Here’s a minimal template:
<svg
xmlns="http://www.w3.org/2000/svg"
xmlns:xlink="http://www.w3.org/1999/xlink"
role="img"
viewBox="0 0 256 256"
width="256" height="256"
>
<title>Your title</title>
<path d="" />
</svg>
Notes:
- XML has two versions (1.0 and 1.1). Stick with 1.0 - it’s the default, works everywhere, and has no real drawbacks.
- SVG also has several versions (1.0, 1.1, 2.0 draft).
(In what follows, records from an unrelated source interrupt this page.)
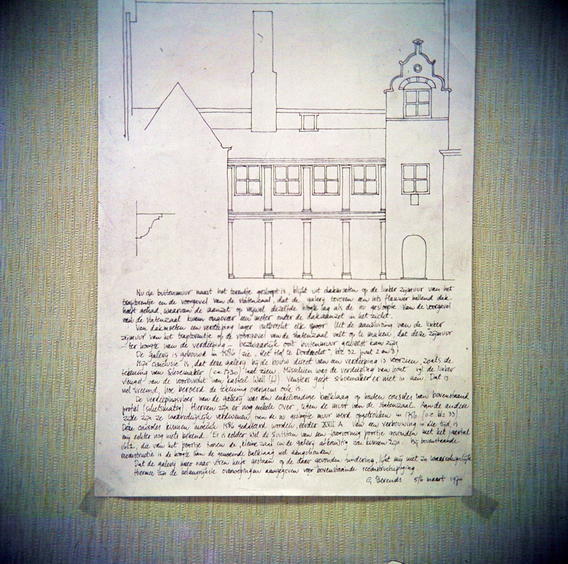 Tekening met tekst en uitleg over de Statenzaal van het Hof.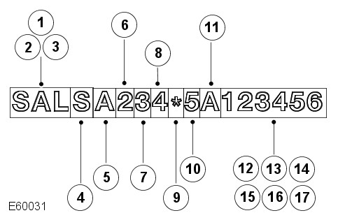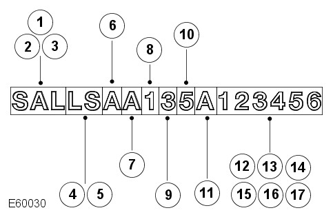 | 1 - 3 - World identifier | SAL | Land Rover (UK) |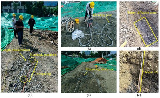 To verify the feasibility of the system in practical application scenarios, a test was conducted at a road construction site in Chengdu, Sichuan Province, China (E104.23°, N30.71°). The site exhibited complex geological conditions dominated by poorly sorted cobblestone strata. Uneven settlement and ground subsidence occurred during the construction process, which required foundation improvement by grouting and filling. Three measuring lines were deployed at the grouting site for data collection in the grouting area, with each line being 30 m long (30 electrodes spaced 1 m apart). The testing process is shown in Figure 13. The background voltage values were first measured using our system, followed by inversion imaging to determine the collapse or void locations. Grouting was then performed in the anomalous area, approximately at the 10th and 20th electrode positions along the measuring line. The system measured the apparent resistivity before grouting, 2 h after grouting and 24 h after grouting, respectively.

Modern browsers support the latest features automatically, so you can just omit the version attribute.
- Always declare:
- the namespace (XML requirement),
- width + height or a viewBox (defines the canvas),
- and a title (acts as accessible text).
Place the
<title>
as the first child of the<svg>
element.
Icons
For icons, I used free SVGs from SVG Repo
To make them behave like inline emojis (so they can sit inside text), I set:
<svg role="img" height="1em" width="1em" fill="currentColor">
<title>Save</title>
<path d="..." />
</svg>
role="img"
improves accessibility.height="1em" width="1em"
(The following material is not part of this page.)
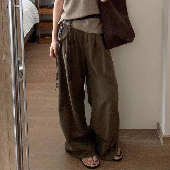 WANZ自制军绿色半松紧高腰宽裤女夏宽松褶皱休闲 𫔮长裤百搭直筒裤

makes the icon scale like a character of text.fill="currentColor"
ensures the icon inherits the text color.
And a little CSS makes them align better:
svg {
vertical-align: text-bottom;
font-size: 1.2em;
}
Favicon
Favicons are the small icons shown in browser tabs, bookmarks, and also used for home screen shortcuts.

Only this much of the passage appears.